TASK ITEM –
Without the images, repeat every line of the listing verbatim.

DATA SHOWN –
────────────────────────────────────────

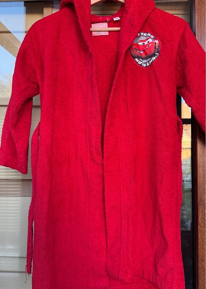 Az kullanılmış 6-8 yaş kırmızı çocuk bornozu.
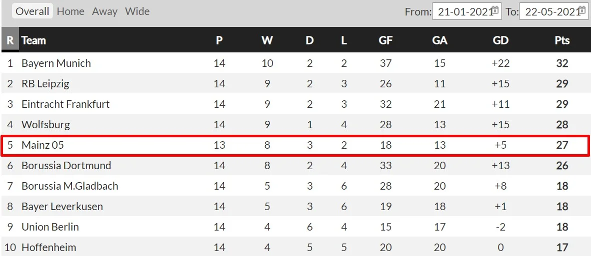 Результати неймовірно покращилися, Майнц рвонув вгору по турнірній таблиці. У другому колі чемпіонату команда виграла 8 матчів з 13 і набрала 27 очок – це п'ятий показник Бундесліги, навіть Дортмунд виступає гірше.
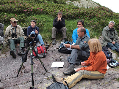 Lasciati i fuoristrada che ci hanno gentilmente portati in quota, ci incamminiamo lungo la valle, destinazione il Lago del Sasso (1900 m s.l.m. circa). Ci accolgono subito i primi canti: zigolo giallo, stiaccino, culbianco, ballerina bianca e gialla, scricciolo, cuculo, averla piccola, rondone, capinera e beccafico. In alto, sopra le creste, vola uno stormo di gracchi. Sui sassi si vedono diverse marmotte, abbastanza confidenti. Sbinocolando lungo il sentiero osserviamo ancora intere famiglie di stiaccini, alcune averle piccole e gruppetti di fanelli e organetti, passera scopaiola, corvo imperiale e gheppio. Lungo il torrente si fa ammirare per qualche secondo un merlo acquaiolo. Più in alto molti di noi osservano un MERLO DAL COLLARE. Non mancano i mammiferi: diversi camosci e due bellissimi stambecchi, stagliati sulla cresta del Pizzo dei Tre Signori, imponenti in quello scenario brullo e selvaggio. Ci fermiamo a mangiare sulle sponde del lago, dove viene presentato ai soci l’annuario CROS 2010 ed Enrico Viganò ci aggiorna sull’atlante dei nidificanti di Ornitho. Scendendo vediamo un bellissimo BIANCONE e un’aquila reale. La giornata si conclude al rifugio delle Bocche di Biandino, dove salutiamo questa bellissima valle.
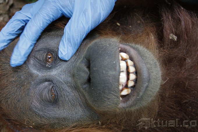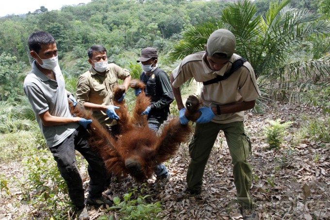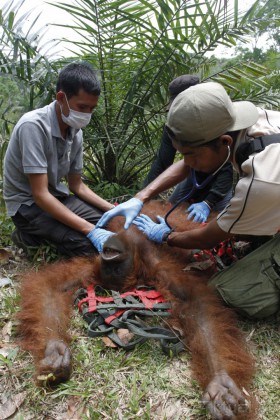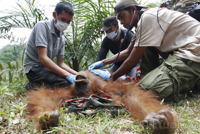 Petugas Yayasan Orangutan Sumatera Lestari – Orangutan Information Centre (YOSL-OIC) dan BBKSDA Sumut mengevakuasi orangutan sumatra (Pongo abelii) di Desa Kuala Musam, Langkat, Sumatera Utara, Senin (30/3). Orangutan betina berumur 20 tahun tersebut, dievakuasi setelah terisolir di perkebunan sawit. ANTARA FOTO/Irsan Mulyadi

────────────────────────────────────────

SOLUTION BELOW –
 Az kullanılmış 6-8 yaş kırmızı çocuk bornozu.
 Результати неймовірно покращилися, Майнц рвонув вгору по турнірній таблиці. У другому колі чемпіонату команда виграла 8 матчів з 13 і набрала 27 очок – це п'ятий показник Бундесліги, навіть Дортмунд виступає гірше.
 Lasciati i fuoristrada che ci hanno gentilmente portati in quota, ci incamminiamo lungo la valle, destinazione il Lago del Sasso (1900 m s.l.m. circa). Ci accolgono subito i primi canti: zigolo giallo, stiaccino, culbianco, ballerina bianca e gialla, scricciolo, cuculo, averla piccola, rondone, capinera e beccafico. In alto, sopra le creste, vola uno stormo di gracchi. Sui sassi si vedono diverse marmotte, abbastanza confidenti. Sbinocolando lungo il sentiero osserviamo ancora intere famiglie di stiaccini, alcune averle piccole e gruppetti di fanelli e organetti, passera scopaiola, corvo imperiale e gheppio. Lungo il torrente si fa ammirare per qualche secondo un merlo acquaiolo. Più in alto molti di noi osservano un MERLO DAL COLLARE. Non mancano i mammiferi: diversi camosci e due bellissimi stambecchi, stagliati sulla cresta del Pizzo dei Tre Signori, imponenti in quello scenario brullo e selvaggio. Ci fermiamo a mangiare sulle sponde del lago, dove viene presentato ai soci l’annuario CROS 2010 ed Enrico Viganò ci aggiorna sull’atlante dei nidificanti di Ornitho. Scendendo vediamo un bellissimo BIANCONE e un’aquila reale. La giornata si conclude al rifugio delle Bocche di Biandino, dove salutiamo questa bellissima valle.
 Petugas Yayasan Orangutan Sumatera Lestari – Orangutan Information Centre (YOSL-OIC) dan BBKSDA Sumut mengevakuasi orangutan sumatra (Pongo abelii) di Desa Kuala Musam, Langkat, Sumatera Utara, Senin (30/3). Orangutan betina berumur 20 tahun tersebut, dievakuasi setelah terisolir di perkebunan sawit. ANTARA FOTO/Irsan Mulyadi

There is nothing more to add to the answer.